Alan Hale was born in 1892 in our capital city, Washington DC. He studied opera, but was unable to make a career out of it, so he pursued acting instead. He started out in silents and worked his way through sound — becoming a popular and very busy character actor in the process. He’s probably best known for his role as Little John in both the 1922 (silent) and 1938 (sound) versions of Robin Hood.
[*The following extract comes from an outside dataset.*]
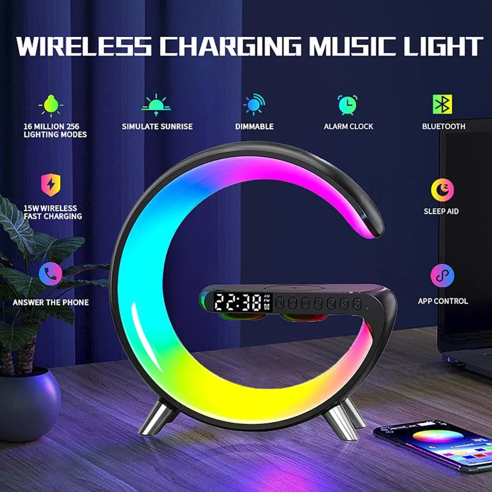 - 5-in-1 Wireless Charger Ambient Light: This versatile device is more than just a 15W wireless fast charger; it also functions as an ambient light, night light, FM radio, speaker lamp, and sunrise alarm clock. It responds to calls and syncs with music, making it perfect for bedrooms, dorms, nurseries, dates, parties, and gaming sessions.

Of course, just about everyone knows that he’s also The Skipper’s father (Alan Hale Jr. played The Skipper in Gilligan’s Island), but I’m thinking that not too many people know that he was also an inventor — and is credited with inventing, holding the patent to, and/or financing the creation of auto brakes, hand-held fire extinguishers, greaseless potato chips — and the folding theater seat!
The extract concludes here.